TL;DR
- Dense embeddings (BERT-derived, E5, BGE, GTE, OpenAI text-embedding-3) map text into a fixed-dimensional vector where similar meanings cluster geometrically.
- Sparse embeddings (BM25, SPLADE, TF-IDF) represent text as high-dimensional sparse vectors keyed on vocabulary terms, preserving exact-match signal.
- Hybrid retrieval — dense for semantic recall, sparse for lexical precision, fused by reciprocal rank fusion or learned reranking — is now standard in RAG systems.
- Dense vector dimensions range from 384 (small efficient models) to 4096 (large frontier models); MTEB is the canonical benchmark for English text embeddings.
Dense Embeddings#
Dense text embeddings are produced by an encoder model — usually a Transformer encoder — that maps a piece of text into a single vector of fixed dimension. Two texts with similar meaning produce vectors with high cosine similarity; unrelated texts produce orthogonal vectors.

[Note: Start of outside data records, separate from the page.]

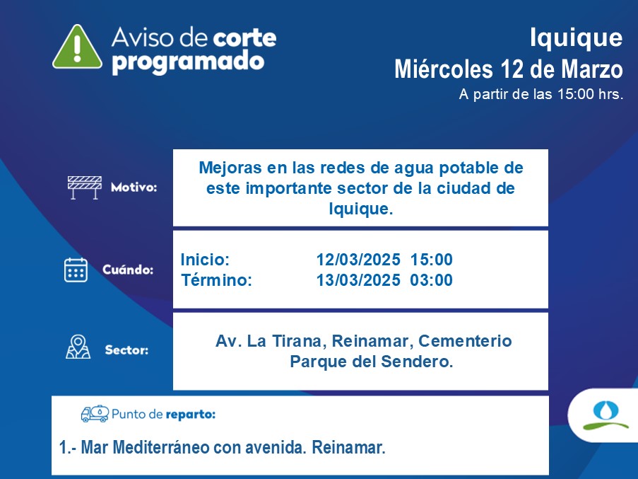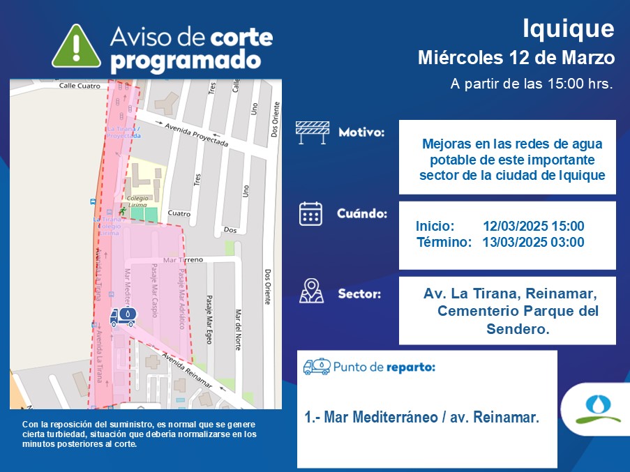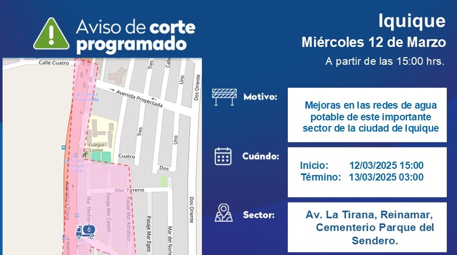 Según explicó Carlos Grez Etcheverry, Jefe de la Unidad de Redes de Agua Potable de Agua del Altiplano, la primera suspensión está programada para este miércoles 12 de marzo a contar de las 15:00 horas y se extenderán hasta las 03:00 horas de la jornada siguiente, abarcando el cuadrante conformado por avenida La Tirana, Reinamar y cementerio Parque del Sendero, con un total de 280 clientes asociados a este corte programado.
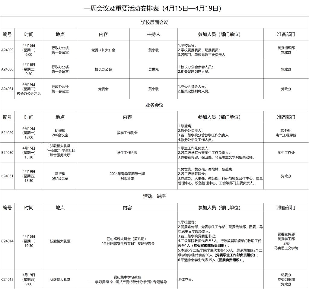 一周会议及重要活动安排表(4月15日—4月19日)
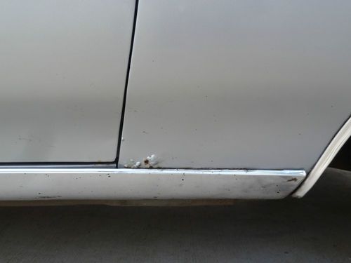 This is an original Nevada Silver car that was sprayed in 1983 with a low budget repaint that is showing its age. The car will need a few patch panels in all of the usual areas, including the bottom of both front fenders, the bottom of both rear quarters and below the rear window. The floor pans in the car have zero rust in them. The frame is sold and has never been hit. The trunk is also solid and containes an original G-78 bias ply K-Mart spare tire. The original GM bumpers are straight and true with a very nice original quality shine to them. The grill is cracked on the drivers side.

The training recipe is contrastive: pairs of related texts (query/document, sentence/paraphrase) are pulled together, and unrelated pairs are pushed apart. InfoNCE loss over large batches is the workhorse. Curated datasets like MS MARCO, NLI and the BGE training corpus drive most public English models.
The Modern Embedding Model Stack#
Matryoshka representation learning (Kusupati et al., 2022) trains a single model whose vector can be truncated to smaller dimensions with graceful quality loss — useful for storage-constrained deployments.
| Model | Dim | MTEB avg (English) | Notes |
|---|---|---|---|
| text-embedding-3-large (OpenAI) | 3072 (Matryoshka) | ~64.6 | Closed weights, API only |
| BGE-M3 | 1024 | ~64.0 | Open, multilingual, multi-functional |
| E5-Mistral-7B-instruct | 4096 | ~66.6 | LLM-initialised, very strong |
| GTE-Qwen2-7B-instruct | 3584 | ~70.2 | Top open model, mid-2025 |
| nomic-embed-text-v2 | 768 | ~62.4 | Open, multilingual |
| all-MiniLM-L6-v2 | 384 | ~56.5 | Small, fast, ubiquitous baseline |
Sparse Embeddings#
Sparse embeddings represent text as vectors with one dimension per vocabulary term. The classical approach (TF-IDF, BM25) uses term frequencies and inverse document frequencies; neural sparse approaches (SPLADE, uniCOIL) learn term weights from a Transformer encoder.
Sparse vectors have tens to hundreds of non-zero entries out of millions of dimensions. They are stored efficiently as inverted indexes — the same data structure search engines have used for fifty years — and support exact-match queries that dense embeddings notoriously struggle with (model numbers, error codes, names).
Why Hybrid Wins#
Dense embeddings excel at semantic similarity: 'how do I cancel my subscription' will retrieve documents about 'ending your plan' even if no words overlap. Sparse embeddings excel at lexical precision: searching for 'CVE-2024-3094' will retrieve the exact CVE document, where dense models often diffuse to nearby but unrelated CVEs.
Hybrid retrieval queries both indexes in parallel and fuses the results. Reciprocal rank fusion (RRF) is the standard cheap method; learned cross-encoder rerankers (bge-reranker, Cohere Rerank) produce the strongest final ordering. Production RAG pipelines almost universally use hybrid retrieval.
If your RAG system is missing obvious exact-match results, you almost certainly need sparse retrieval (BM25) in the pipeline. Dense alone is a common but avoidable failure mode.
Storage and Search#
Dense vectors are stored in vector databases (pgvector, Qdrant, Weaviate, Milvus, Pinecone) that implement approximate nearest-neighbour search via HNSW or IVF-PQ indexes. A typical RAG corpus of 10 million chunks at dim 1024 in float16 is ~20 GB; quantisation to int8 brings it to 10 GB; binary quantisation (1-bit) to ~1.25 GB with modest quality loss.
Sparse vectors are stored in inverted indexes (Elasticsearch, OpenSearch, Vespa, Tantivy). The same 10M chunks may take 1-5 GB depending on vocabulary and posting list compression. BM25 scoring is essentially free at query time.
Long Documents and Chunking#
Most embedding models have a context limit of 512 to 8192 tokens. Long documents must be chunked. Naive fixed-size chunking (256-1024 tokens) is the baseline; structural chunking (per-section, per-paragraph) usually improves recall when documents have hierarchical structure. ColBERT-style late interaction (see ColBERT entry) is the alternative for retaining per-token granularity.